Antiparasitic and antimicrobial indolizidines from the leaves of Prosopis glandulosa var glandulosa from Nevada and Texas USA

Authors: RAHMAN, AZIZ ABDUR - University Of Mississippi; SAMOYLENKO, VLADIMIR - University Of Mississippi; JACOB, MELISSA - University Of Mississippi; SAHU, RAJNISH - University Of Mississippi; JAIN, SURENDRA - University Of Mississippi; KHAN, SHABANA - University Of Mississippi; TEKWANI, BABU - University Of Mississippi; MUHAMMAD, ILIAS - University Of Mississippi

Submitted to: Planta Medica
Publication Type: Peer Reviewed Journal
Publication Acceptance Date: 2/16/2011
Publication Date: 3/7/2011
Citation: Rahman, A., Samoylenko, V., Jacob, M.R., Sahu, R., Jain, S.K., Khan, S.I., Tekwani, B.L., Muhammad, I. 2011. Antiparasitic and antimicrobial indolizidines from the leaves of Prosopis glandulosa var glandulosa from Nevada and Texas USA. Planta Medica. doi.org/10.1055/s-0030-127096.

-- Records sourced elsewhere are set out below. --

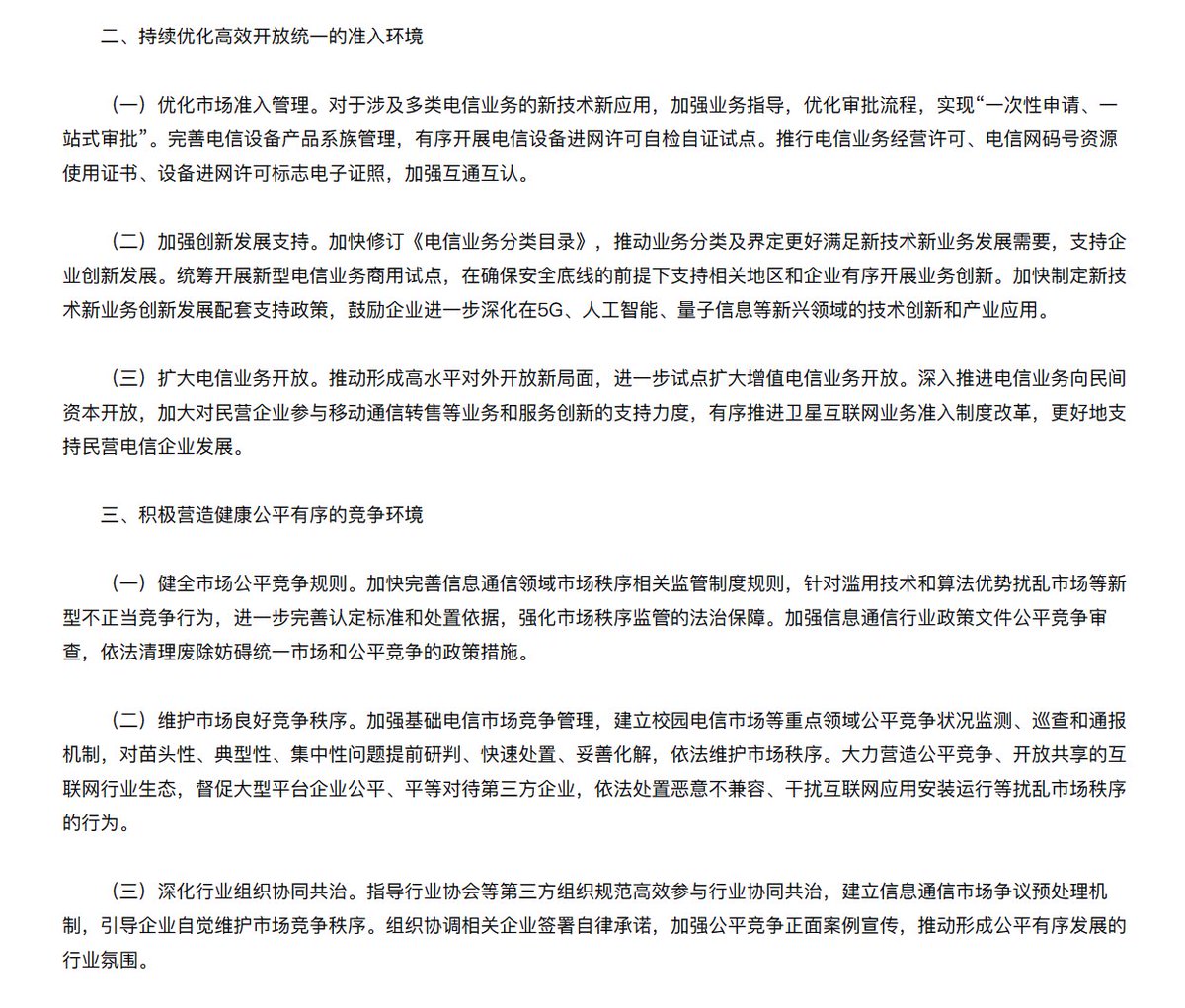 工信部《关于创新信息通信行业管理优化营商环境的意见》:
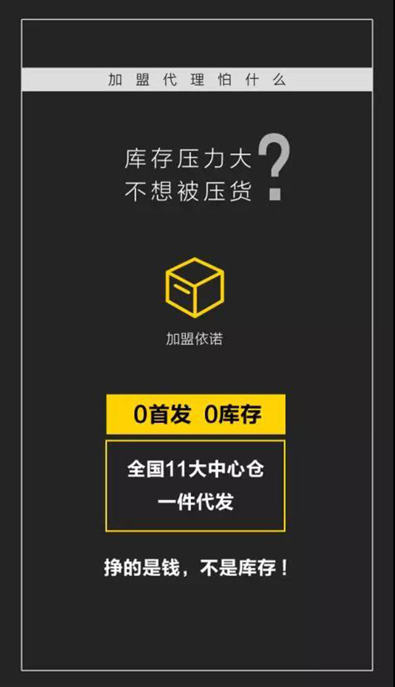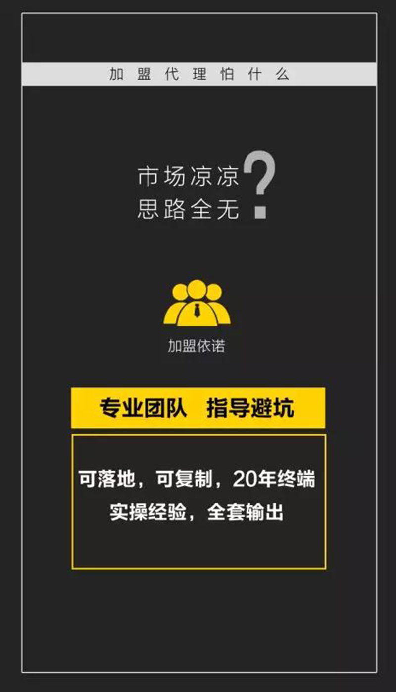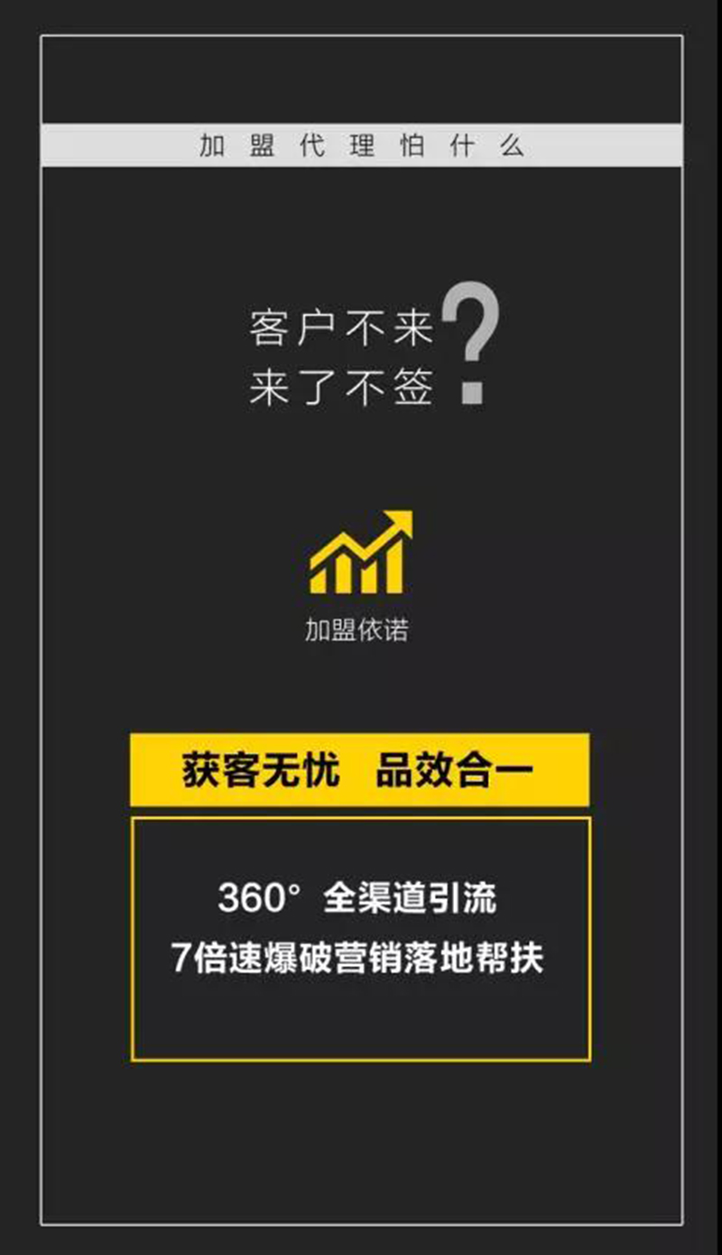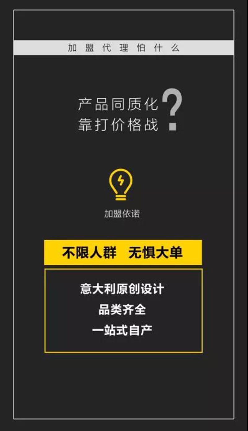 所謂了解,就是知道對方心靈最深處的痛處,痛在哪里?依諾瓷磚生產廠家深知經銷商們在選擇瓷磚加盟一個瓷(ci)磚(zhuan)(zhuan)品牌和經(jing)營店面所承擔的現實壓(ya)力(li),例(li)如:投資風(feng)險(xian)大,裝(zhuang)店成本高;庫存(cun)壓(ya)力(li)大,不想被壓(ya)貨;產(chan)品同質(zhi)化,靠打價格戰;客戶不來,來了不簽…與(yu)(yu)此同時(shi),還要面對(dui)行業負(fu)增長,市(shi)場(chang)寒冬(dong)的沖(chong)擊(ji)!未來風(feng)險(xian)與(yu)(yu)迷茫叢生讓許多有志經(jing)銷商(shang)望而(er)卻(que)步。恰逢(feng)依諾瓷(ci)磚(zhuan)(zhuan)20周年大慶,公司決定投“1億元重金”,為經(jing)銷商(shang)們量身定做一套瓷(ci)磚(zhuan)(zhuan)加盟模式
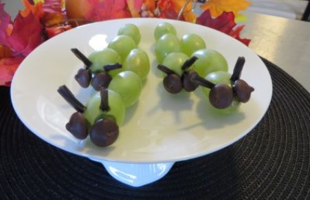 Add these creepy little guys to your next Halloween buffet! Healthy alternative to all of the sugary treats around the house at Halloween time!
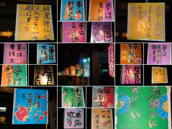 這些燈籠都是小學生的作品,方型的四面中,一面是現成的圖案
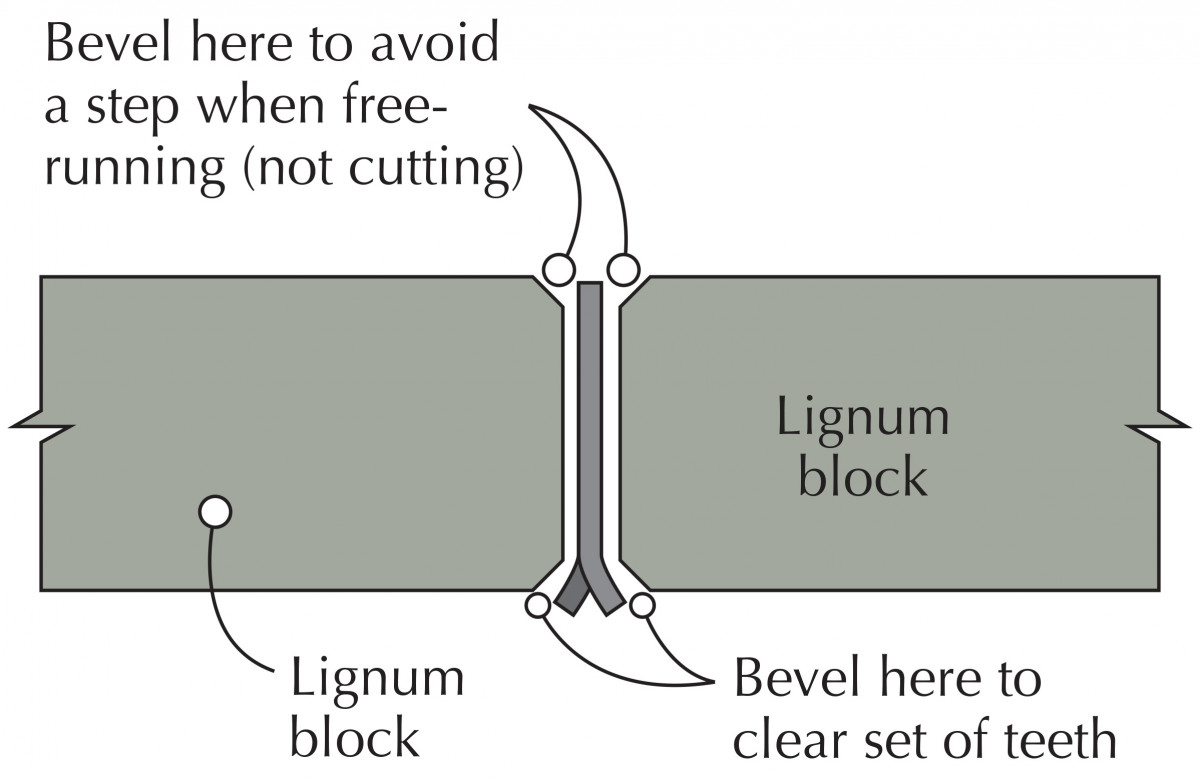 What’s more, feed direction can change in the twinkling of an eye if the blade’s set on one side of the blade should be blunted by mineral inclusions in the wood. This is one of the reasons why the point fence (more on that in a moment) is so useful. The operator is in control of feed direction and can adjust it as necessary. (You may have noticed that badly set handsaws that have more set on one side than the other cut a curved line).
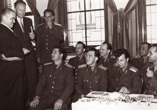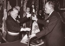 Burgemeester Adolf VAN GLABBEKE overhandigt een vaandel aan een oudstrijdersvereniging. Naast hem van links naar rechts, schepen Kamiel DEHOUCK, Roger DE KINDER, de latere provinciegouverneur van Oost-Vlaanderen.
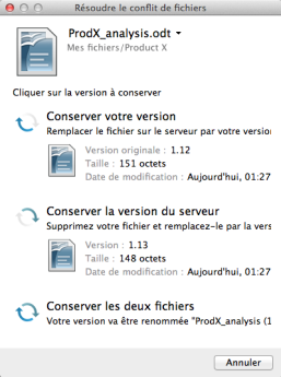 Conserver votre version : remplace le fichier sur le serveur Filr par votre version.
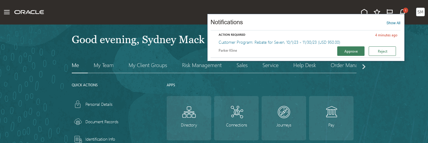 - 「設定および保守」作業領域で、「チャネル収益管理」機能領域の「「BPMワークフローへの承認待ちの移行」プロセスの実行」タスクに移動します。
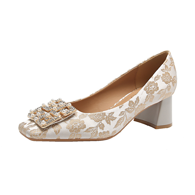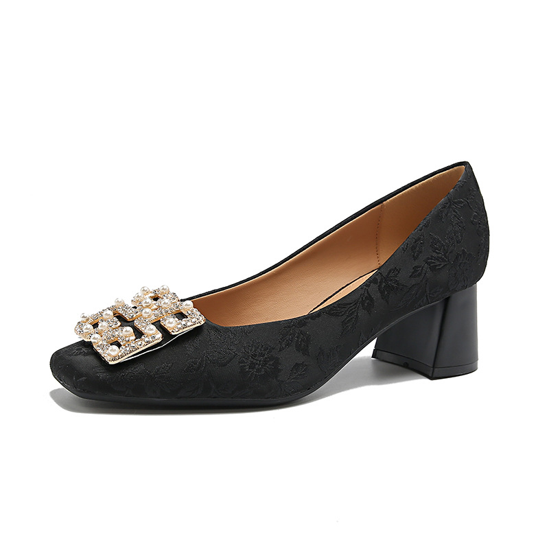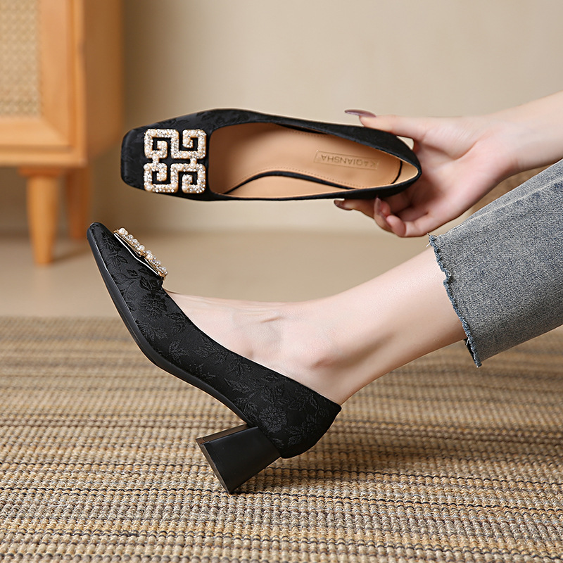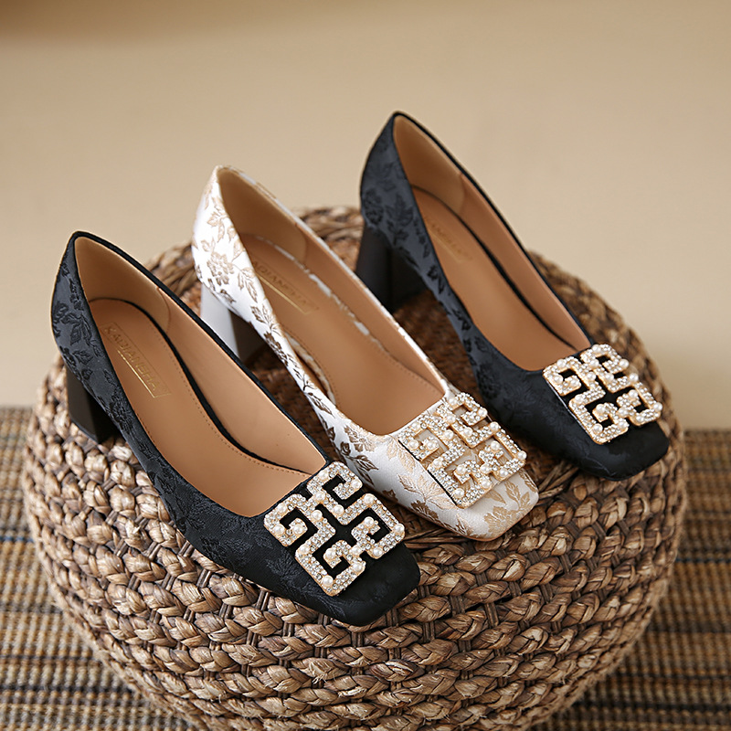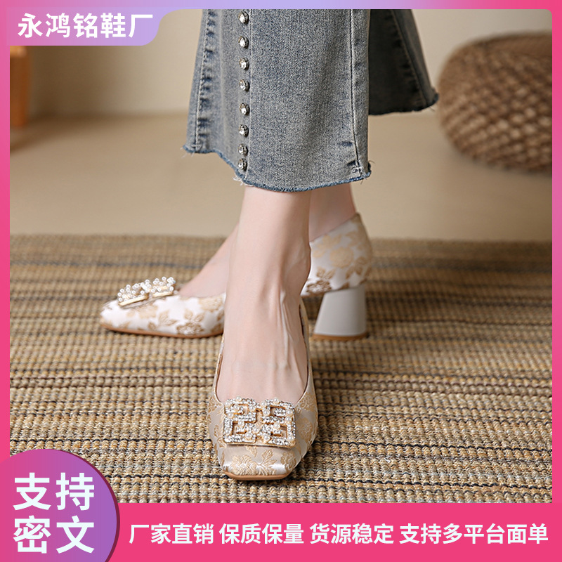 复古国风新中式粗跟单鞋女 年新款水钻百搭气质法式高跟鞋
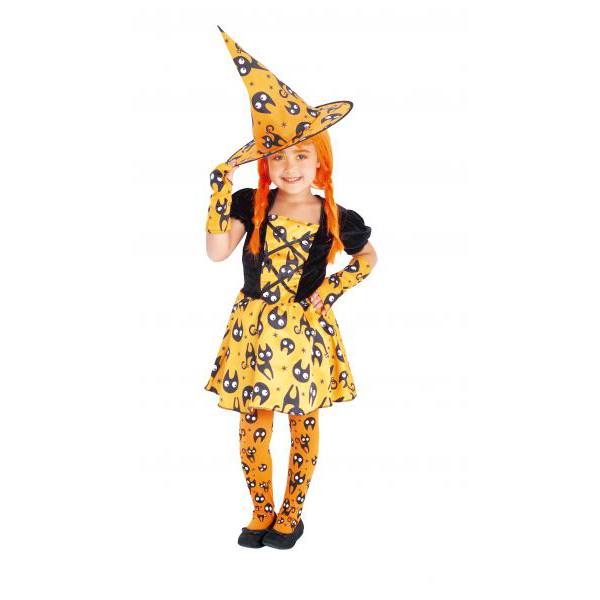 Disfraz Bruja Mininos Naranja compuesto de vestido con estampado de gatitos, sombrero, guantes mitones y medias.

Interpretive Summary: The paper is devoted to the isolation and structure elucidation of a new indolizidine alkaloid together with previously known indolizidine analogs from the leaves of Prosopis glandulosa, collected from Nevada and Texas, USA. The isolated compounds have demonstrated potent antimalarial, antileishmanial and antimicrobial activities. This work also suggests that the qualitative and quantitative nature of the bioactive alkaloidal profile in P. glandulosa varies significantly due to geographical location.

Technical Abstract: A new indolizidine alkaloid, named (Delta) 1,6-juliprosopine (1), together with previously known indolizidine analogs (2-6), was isolated from the leaves of Prosopis glandulosa var. glandulosa, collected from Nevada, USA; while two other known indolizidines juliprosopine (6) and juliprosine (7) were isolated from P. glandulosa leaves collected in Texas, USA. The structures of compound 1 and 7 were determined using a combination of NMR and MS techniques. Compound 7 exhibited potent antimalarial activity against Plasmodium falciparum D6 and W2 strains with IC50 values of 170 and 150 ng/mL, respectively, while 1 was found to be less active (IC50 values 560 and 600 ng/mL). Both the compounds were devoid of VERO cells toxicity up to a concentration of 23800 ng/mL. The antileishmanial activity of indolizidines was evaluated against Leishmania donovani promastigotes, axenic amastigotes and amastigotes in THP1 macrophage cultures. When tested against macrophage cultures, the tertiary bases (1, 3, 6) were found to be more potent than quaternary salts (2, 5, 7), displayed IC50 values between 0.8-1.7 µg/mL and 3.1-6.0 µg/mL, respectively. In addition, compound 7 showed potent antifungal activity against Cryptococcus neoformans and antibacterial activity against Mycobacterium intracellulare, while 1 was potent only against C. neoformans and weakly active against other organisms.